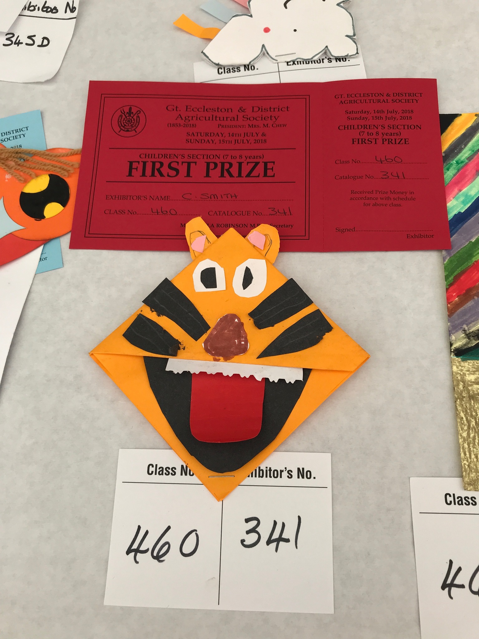 Caitlyn Scott who won first prize with her tiger bookmark.
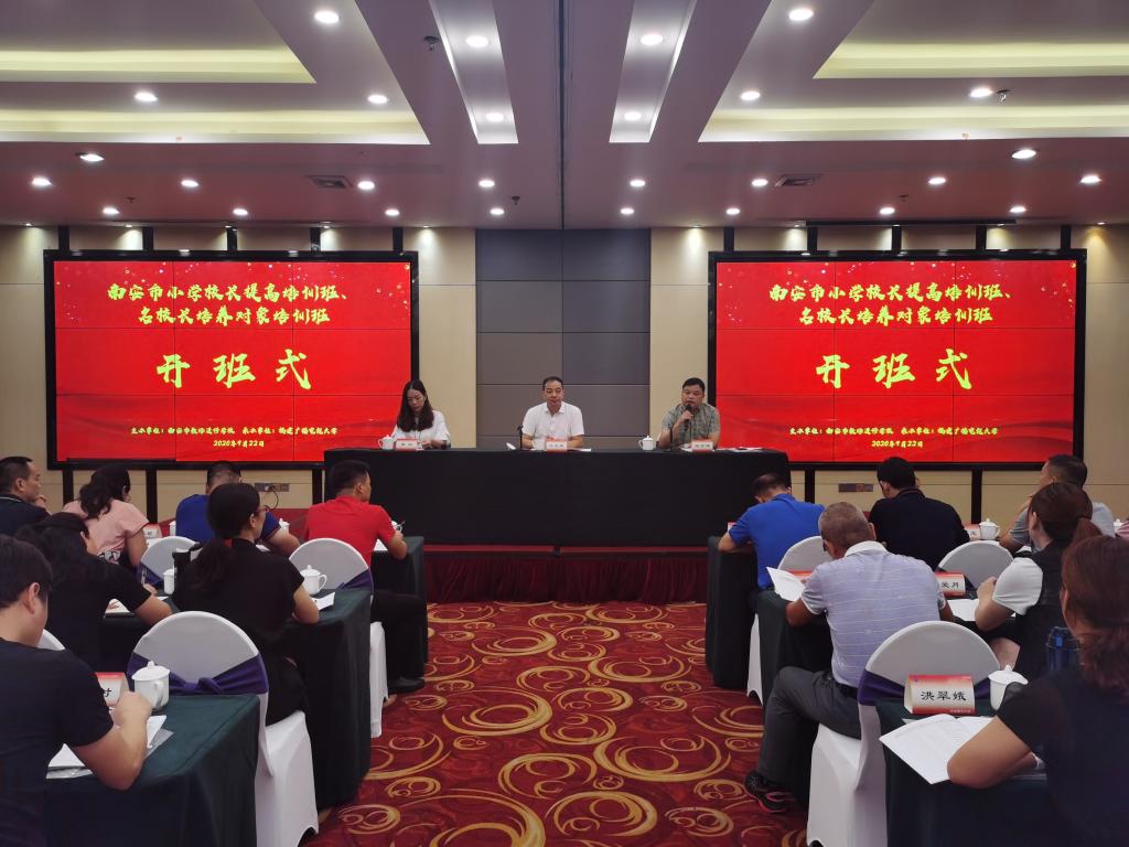 为全面推进基础教育的改革与发展,进一步加强中小学校长队伍建设,提高校长的党修养、政治素质,坚定理想信念,落实立德树人根本任务。9月22日上午,由福建广播电视大学和南安市教师进修学校共同举办的南安市小学校长提高培训班、名校长培养对象培训班在古田县拉开帷幕。福建广播电视大学培训学院院长江克英、南安市教师进修学校副校长陈信雄和南安市小学校长、名校长培养对象共计95人参加了开班仪式。开班仪式由海西教育网远程培训部主任周玮主持。
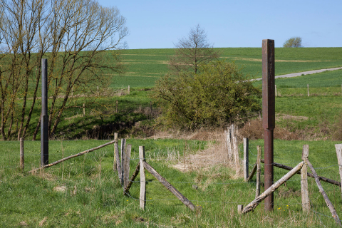 Die zweiteilige Skulptur „Beziehungen gegen Bedingungen“ von Ansgar Nierhoff fügt sich in die Niederung des weitläufigen und nur auf Hügelhöhe ansteigenden Geländes des Hasselbacher/Werkhausener Tals. Die beiden Eisenstelen erheben nicht den Anspruch, von weither sichtbare Landmarken zu sein. Die örtliche Situation kann von dem umherwandernden Besucher erst allmählich visuell und räumlich erschlossen werden. Verdichten sich in der Senke die Linien der mit Holzpflöcken umgrenzten Wiesen noch zu einem aus der Ferne kaum entwirrbaren Grenzdurcheinander, so klären sich die Verhältnisse bei näherem Hinsehen: Die Wiesen stoßen hier im Talgrund als arithmetisch unregelmäßige Flächen aneinander. Für den Ort der Skulptur ergibt sich die besondere Situation eines spitzwinklig auslaufenden Feldendes, das sich wie ein Keil zwischen zwei weitere Grundstücke schiebt. Zum Zeitpunkt des Entwurfs der Plastik war dieses Zipfelchen Erde noch nicht in das Territorium ›im Tal‹ eingegliedert, es stellte de facto ›fremdes Gebiet‹“ dar. Dieser äußere Anlaß lieferte dem Bildhauer eine der Bedingungen für seine Arbeit: Zwei massive Eisenelemente sind in den Winkeln der jeweils benachbarten Felder so aufgestellt, daß sich zwischen zwei Polen eine imaginäre Achse über das nicht zugehörige Areal bildet. Die Beziehung (Achse), überbrückt die vorgegebene Bedingung (Parzellenform).
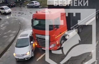 ДТП на вулиці Стрийській: легковик потрапив у сліпу зону вантажівки (відео)
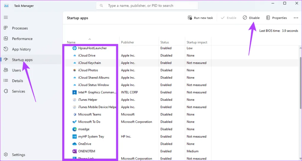 مرحله 3: به صورت اختیاری، روی منوی Startup Apps در سمت چپ کلیک کنید، روی هر برنامه راه اندازی فعال کلیک کنید و دکمه Disable را کلیک کنید..
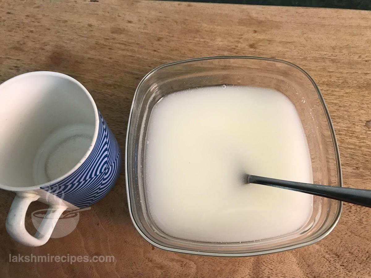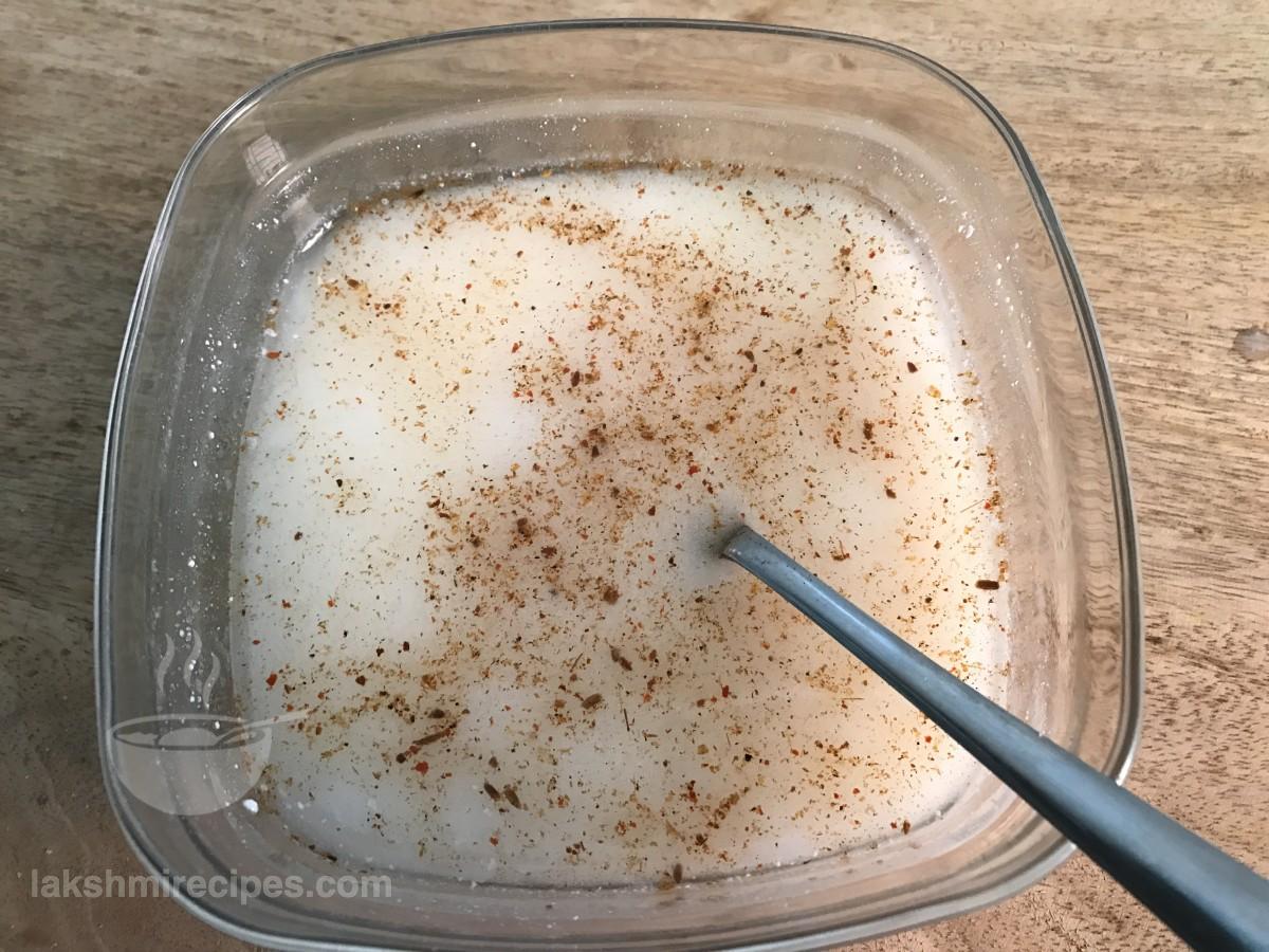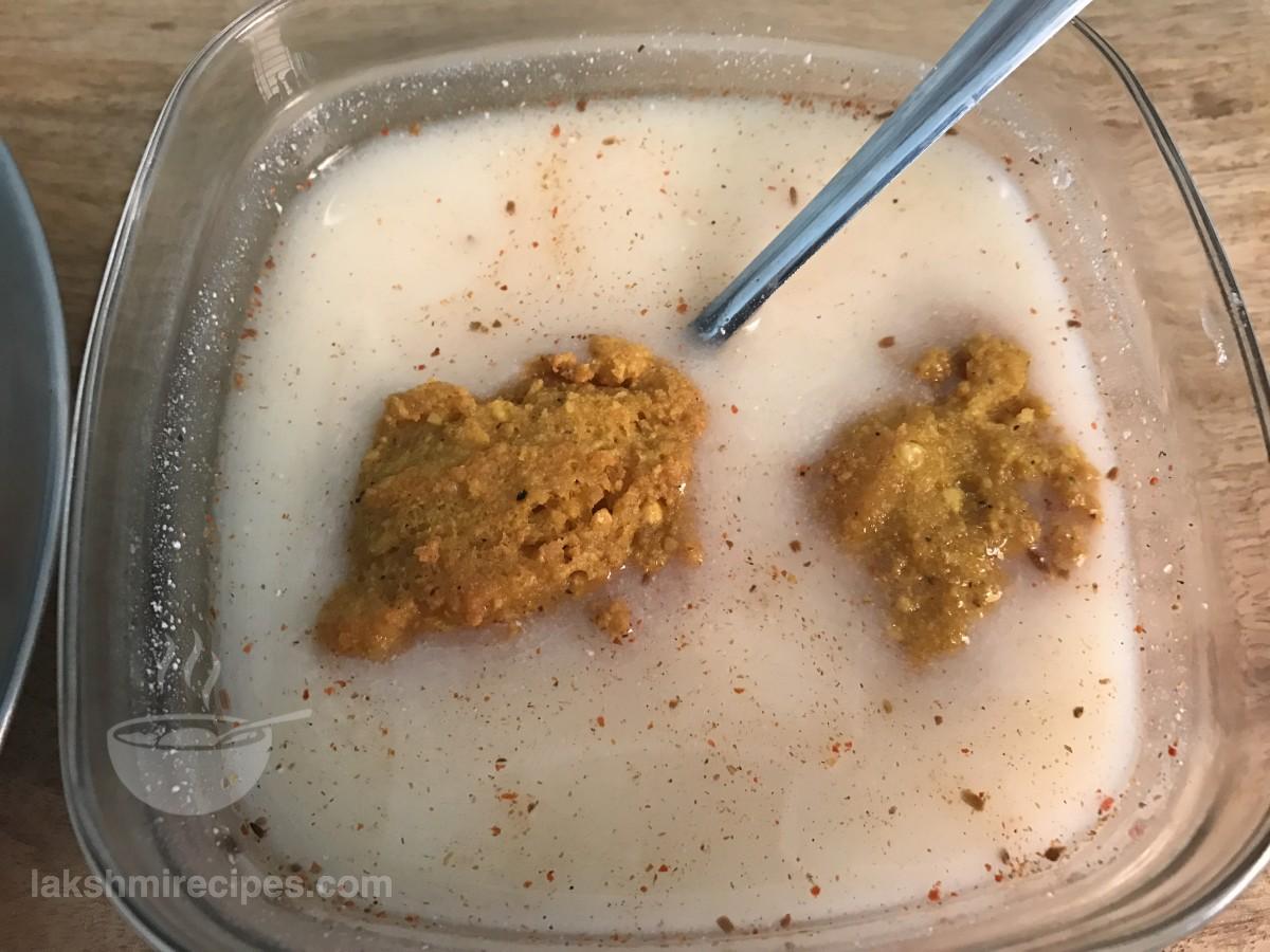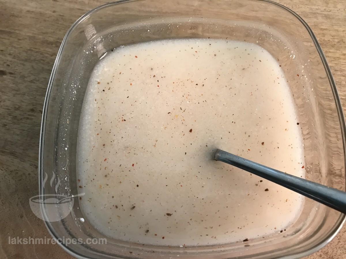 - अब एक अलग कटोरे में दही लें और उसमें नमक, भुना हुआ जीरा और सूखे लाल मिर्च का पाउडर डालें और अच्छी तरह से सभी सामग्री मिक्स करें। इसमें 1 कप पानी डालें और फिर से मिलाएं ताकि एक पतला घोल बनजाए।

□ □ □ □

**EXERCISE DIRECTIONS**. Although the records contain pictures, the output must hold only their exact wording.

**ANSWER TO THIS TASK**.
 Caitlyn Scott who won first prize with her tiger bookmark.
 为全面推进基础教育的改革与发展,进一步加强中小学校长队伍建设,提高校长的党修养、政治素质,坚定理想信念,落实立德树人根本任务。9月22日上午,由福建广播电视大学和南安市教师进修学校共同举办的南安市小学校长提高培训班、名校长培养对象培训班在古田县拉开帷幕。福建广播电视大学培训学院院长江克英、南安市教师进修学校副校长陈信雄和南安市小学校长、名校长培养对象共计95人参加了开班仪式。开班仪式由海西教育网远程培训部主任周玮主持。
 Die zweiteilige Skulptur „Beziehungen gegen Bedingungen“ von Ansgar Nierhoff fügt sich in die Niederung des weitläufigen und nur auf Hügelhöhe ansteigenden Geländes des Hasselbacher/Werkhausener Tals. Die beiden Eisenstelen erheben nicht den Anspruch, von weither sichtbare Landmarken zu sein. Die örtliche Situation kann von dem umherwandernden Besucher erst allmählich visuell und räumlich erschlossen werden. Verdichten sich in der Senke die Linien der mit Holzpflöcken umgrenzten Wiesen noch zu einem aus der Ferne kaum entwirrbaren Grenzdurcheinander, so klären sich die Verhältnisse bei näherem Hinsehen: Die Wiesen stoßen hier im Talgrund als arithmetisch unregelmäßige Flächen aneinander. Für den Ort der Skulptur ergibt sich die besondere Situation eines spitzwinklig auslaufenden Feldendes, das sich wie ein Keil zwischen zwei weitere Grundstücke schiebt. Zum Zeitpunkt des Entwurfs der Plastik war dieses Zipfelchen Erde noch nicht in das Territorium ›im Tal‹ eingegliedert, es stellte de facto ›fremdes Gebiet‹“ dar. Dieser äußere Anlaß lieferte dem Bildhauer eine der Bedingungen für seine Arbeit: Zwei massive Eisenelemente sind in den Winkeln der jeweils benachbarten Felder so aufgestellt, daß sich zwischen zwei Polen eine imaginäre Achse über das nicht zugehörige Areal bildet. Die Beziehung (Achse), überbrückt die vorgegebene Bedingung (Parzellenform).
 ДТП на вулиці Стрийській: легковик потрапив у сліпу зону вантажівки (відео)
 مرحله 3: به صورت اختیاری، روی منوی Startup Apps در سمت چپ کلیک کنید، روی هر برنامه راه اندازی فعال کلیک کنید و دکمه Disable را کلیک کنید..
 - अब एक अलग कटोरे में दही लें और उसमें नमक, भुना हुआ जीरा और सूखे लाल मिर्च का पाउडर डालें और अच्छी तरह से सभी सामग्री मिक्स करें। इसमें 1 कप पानी डालें और फिर से मिलाएं ताकि एक पतला घोल बनजाए।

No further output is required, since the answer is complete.